My lambda functions are idle 90% of the time. That’s right, out of 300ms or so billed my functions are doing nothing but waiting for about 250ms of that. I figured this out by using AWS x-ray to analyze my function run-times.

To understand why the functions are simply waiting 90% of the time you need to understand how AWS works. When you make API calls into the AWS SDK those calls are almost never executed locally. 99% of the time they turn into RPC calls to another AWS server. Making an RPC call to another server involves a lot of waiting for that server to respond. And that’s how I end up spending 90% of my time waiting.

So the next observation is that 512MB lambdas cost 4x as much as 128MB lambdas. How much CPU and memory do you need to wait? Zero.

Now I have already converted all of my lambdas to Go. In some cases Go is 10x faster than Javascript. I believe this mainly has to do with JIT and not so much the language of Javascript. Go is compiled so it does not JIT. Go is garbage collected so that is equivalent with Javascript. Overall Go is an absolute win for increasing lambda performance.

Next I set all of my lambdas to use 128MB instead of 512MB. Sure they take longer to run, but it is only about 50% or less longer. Changing the memory down to 128MB cuts my bills by 75%.

But how can I do this and not lose response time? That is where x-ray comes in. By looking at my x-ray profiles I can see that my functions process for 5ms, wait for 25ms, process for 5ms, wait for 25ms, and so on. So what can I do during those periods of 25ms waiting? Use GoRoutines! I analyzed all of my lambda functions and turned them into a bunch of smaller subroutines. Then I used GoRoutines to run groups in parallel where possible followed by a synchronization point using channels. Doing this allows me to extract all of the parallelism possible out of my lambda and to run two or three of those 25ms waits simultaneously.

And the biggest win of all – I converted my function initialization to run in parallel. Doing new() on AWS services is especially slow since that involves setting up network connections. My cold start init used to run almost 2 seconds. I converted all of those new() calls to run in parallel and now my cold start init finishes in 150-200ms on 128MB nodes. In some functions I new() connections to eight different services in parallel.

Bottom line - after doing all of this my functions run in approximately the same time or less than they did previously. But now they are all running on 128MB nodes which cut my lambda bills 75%. The CPUs are slower on the 128MB nodes, but the increase in parallelism more than offset the slower CPUs.

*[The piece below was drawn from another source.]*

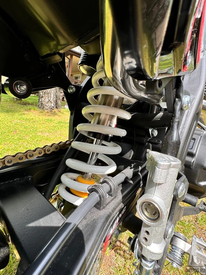 В его сердце — проверенный 4-тактный бензиновый двигатель 177FMN объёмом 300 см³, мощностью 25 л.с., который вкупе с карбюратором PZ30 и 5-ступенчатой механической трансмиссией даёт отличную тягу и уверенную управляемость на любых скоростях. Усиленная рама K16 из хромомолибденового сплава гарантирует жёсткость конструкции и долговечность, а воздушное охлаждение помогает поддерживать оптимальный температурный режим даже при активной езде.

Another observation. If I set these optimized functions to run on 512MB nodes, their performance hardly changes. That’s because their run times are dominated by the chain of wait times that can’t be reduced due to dependencies. Running on 512MB increases costs 4x and reduces function run time 3-4%.

Note: Of course some lambdas are CPU bound and bigger instances and more memory makes sense for those. Example - image conversion.

6 Likes

nice and details. Thanks a lot

Recommend to publish it as a formal blog with sample codes, for example, https://medium.com/

Here is an example of how to run init in parallel.

	var dbs *dynamodb.DynamoDB
	var iots *iot.IoT
	var iotdatas *iotdataplane.IoTDataPlane
	var s3s *s3.S3
	var ssms *ssm.SSM
	var privateKey *string

	func initDB(sess *session.Session, c chan bool) {
		// Create DynamoDB client
		dbs = dynamodb.New(sess)
		xray.AWS(dbs.Client)
		c <- true
	}

	func initIOT(sess *session.Session, c chan bool) {
		iots = iot.New(sess)
		xray.AWS(iots.Client)
		c <- true
	}

	func initIOTDataplane(sess *session.Session, c chan bool) {
		iotdatas = iotdataplane.New(sess, &aws.Config{
			Endpoint: aws.String(os.Getenv("IOT_ENDPOINT")),
		})
		xray.AWS(iotdatas.Client)
		c <- true
	}

	func initS3(sess *session.Session, c chan bool) {
		s3s = s3.New(sess)
		c <- true
	}

	func initSSM(sess *session.Session, c chan bool) {
		ssms = ssm.New(sess)
		var parameter *ssm.GetParameterOutput
		parameter, _ = ssms.GetParameter(&ssm.GetParameterInput{
			Name:           aws.String("/VAPID/dev/privateKey"),
			WithDecryption: aws.Bool(true),
		})
		privateKey = parameter.Parameter.Value
		c <- true
	}

	func init() {
		xray.Configure(xray.Config{
			LogLevel:       "info", // default
			ServiceVersion: "1.2.3",
		})

		sess := session.Must(session.NewSession())

		c := make(chan bool)
		go initDB(sess, c)           // 1
		go initS3(sess, c)           // 2
		go initIOT(sess, c)          // 3
		go initIOTDataplane(sess, c) // 4
		go initSSM(sess, c)          // 5

		_, _, _, _, _ = <-c, <-c, <-c, <-c, <-c
	}

	func main() {
		lambda.Start(Handler)
	}

Thanks for the codes.

I read an blog before about the memory performance benchmark about lambda. paste here for reference.

How to make Lambda faster: memory performance benchmark

Note that the Fibonacci test in that article is totally compute bound. When you are compute bound it pays to increase your memory and get a faster processor (up to a point). The last chart in the linked article says the cut over is at 2GB.

My functions are IO bound and are simply waiting for responses from other AWS services. They only need about 30ms of actual compute time. When you are IO bound you should reduce your memory as much as is practically possible. After all, why pay for lambda time when all you are doing is waiting for remote IO to complete.

Until I added in all of the x-ray code I was not aware of how IO bound my functions were. Now I know their run time is totally dominated by IO wait time.

So all observations are consistent - upto 2GB lambda if you are compute bound, 128MB lambda if you are IO bound, biggest lambda offered if you are memory bound.

1 Like

Totally make sense. Thanks.